A 3-D reconstructed image of neural dendritic trees using the advanced electron microscope technology

ScienceDaily (Sep. 13, 2011) — Neurons in the brain play a role as an electric wire conveying an electrical signal. Because this electric wire is connected with various joints (synapse), various brain functions can occur. A neuron which has dendritic trees on it, receives the signals with many synapses located on those dendritic trees, and carries out functions by combining the received signals.
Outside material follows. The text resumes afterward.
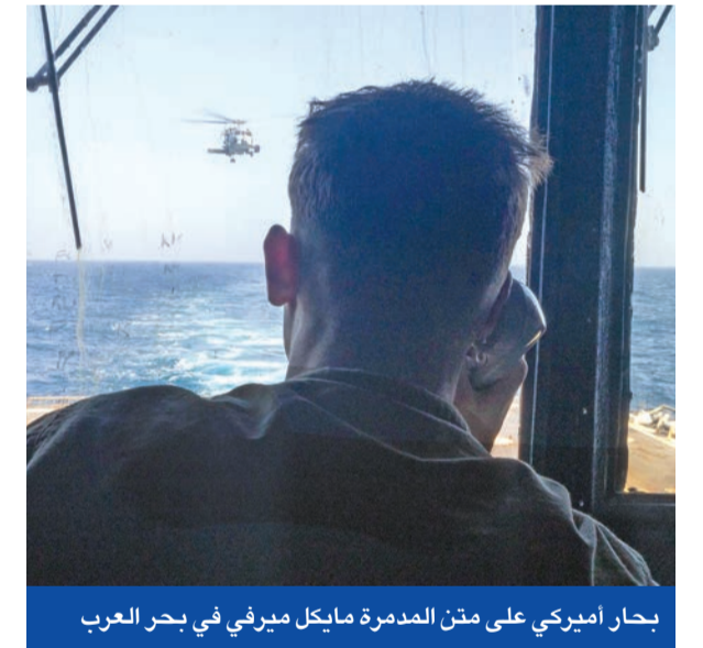
بحار أميركي على متن المدمرة مايكل ميرفي في بحر العرب

وكان المندوب الأميركي لدى الأمم المتحدة، مايك والتر، أعلن أمس الأول أن «المشروع لا يشمل مضيق هرمز فقط، بل أيضاً الممرات الدولية كافة، مثل جبل طارق وملقا»، موضحاً أنه يختلف عن مشروع البحرين، الذي عرقلته روسيا والصين الشهر الماضي، في أنه «يركز بصورة أكبر على زرع الألغام في الممرات المائية الدولية وفرض الرسوم الذي سيؤثر على جميع

The research team of Associate Professor Kubota from The National Institute for Physiological Sciences, revealed the minute properties of dendritic trees by reconstructing 3D images using the advanced electron microscope technology. The research team proved the principle that “neurons normalize receiving signals, making it easier to receive farther signals because of the morphological characteristics of dendritic trees.” It is reported in Scientific Reports, an offshoot of English science magazine Nature (September 13, 2011 electronic edition).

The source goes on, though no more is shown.